> **TASK TO CARRY OUT**: Reproduce without any pictures the lines from the one that contains "Das Modell ist" through the end of the records, exactly as written.

◇ ◇ ◇

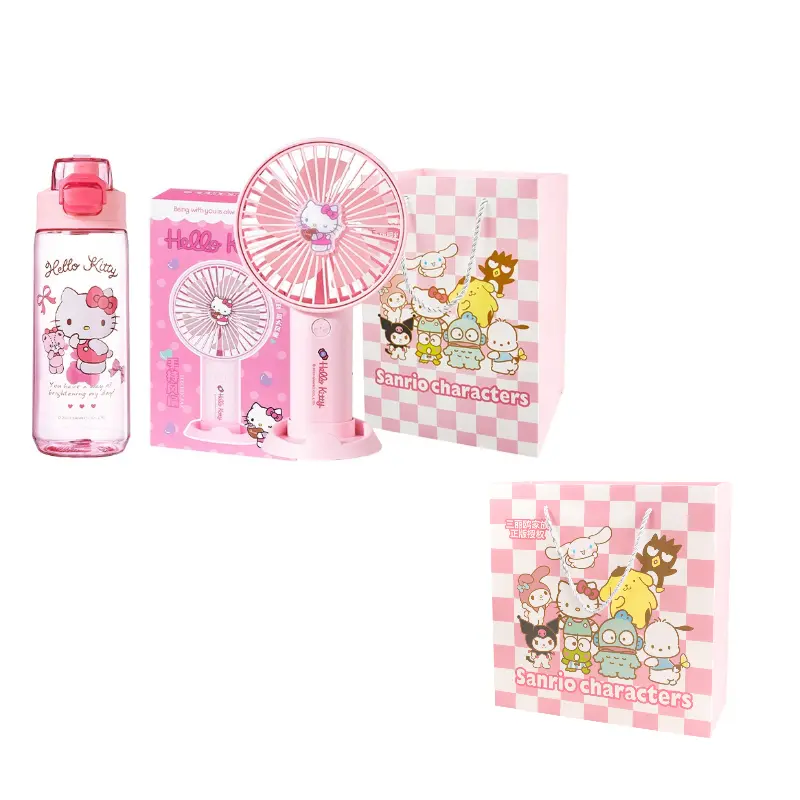 Комплекты одежды: ручные вентиляторы Hello Kitty + пластиковый стаканчик для воды + сумка для покупок
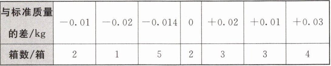 |与标准质量的差/kg| -0.01 | -0.02 | -0.014 | 0 | +0.02 | +0.01 | +0.03 |
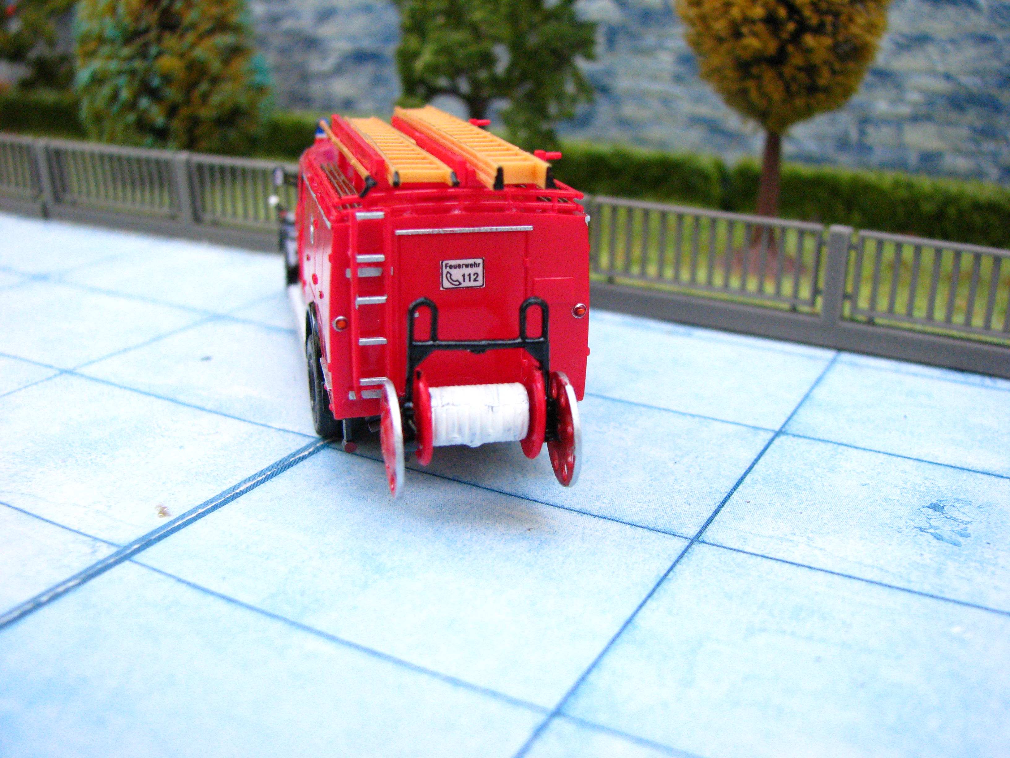 Das Modell ist eine Resteverwertung. Der Aufbau ist vom Preiser NG Tro/TLF-SW und das Fahrgestell + Kabine vom RW 1. Dazu noch etwas Dachbeladung ebenfalls Preiser sowie Farbe und Decals.
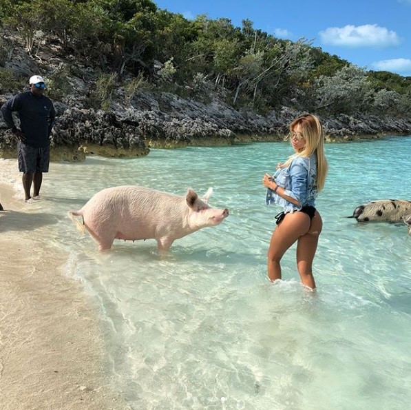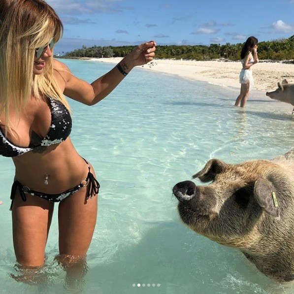 No hace falta describir mucho más. Básicamente se trata de Ciardone rodeada de chanchos en una playa paradisíaca de las Bahamas, en pleno Caribe.
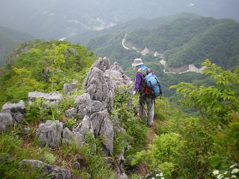 おK3に自分のやった手順通りに渡る様に云うと案外すんなりと通過できた。 しかしこの難所の通過は怖かったと正直に白状していた。 この後も細い足場の右側がすっぱりと切れている場所は慎重に渡った。 それ以外はちょっと急な岩場の尾根歩きである。 |
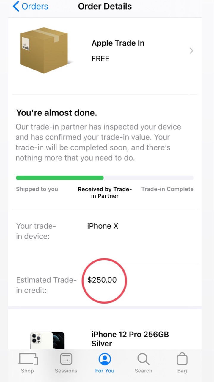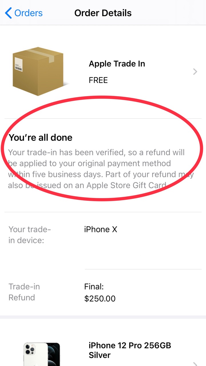 トレードインをするには、新しい携帯を購入後、自宅に”Trade in kit”が送られてきてから、14日以内にApple社の工場に送り返さなければいけなく、その後Appleで壊れていないかの検査を通過後に、その機種に基づいた金額が返金されます。

◇ ◇ ◇

> **ANSWER**:
 Das Modell ist eine Resteverwertung. Der Aufbau ist vom Preiser NG Tro/TLF-SW und das Fahrgestell + Kabine vom RW 1. Dazu noch etwas Dachbeladung ebenfalls Preiser sowie Farbe und Decals.
 No hace falta describir mucho más. Básicamente se trata de Ciardone rodeada de chanchos en una playa paradisíaca de las Bahamas, en pleno Caribe.
 おK3に自分のやった手順通りに渡る様に云うと案外すんなりと通過できた。 しかしこの難所の通過は怖かったと正直に白状していた。 この後も細い足場の右側がすっぱりと切れている場所は慎重に渡った。 それ以外はちょっと急な岩場の尾根歩きである。 |
 トレードインをするには、新しい携帯を購入後、自宅に”Trade in kit”が送られてきてから、14日以内にApple社の工場に送り返さなければいけなく、その後Appleで壊れていないかの検査を通過後に、その機種に基づいた金額が返金されます。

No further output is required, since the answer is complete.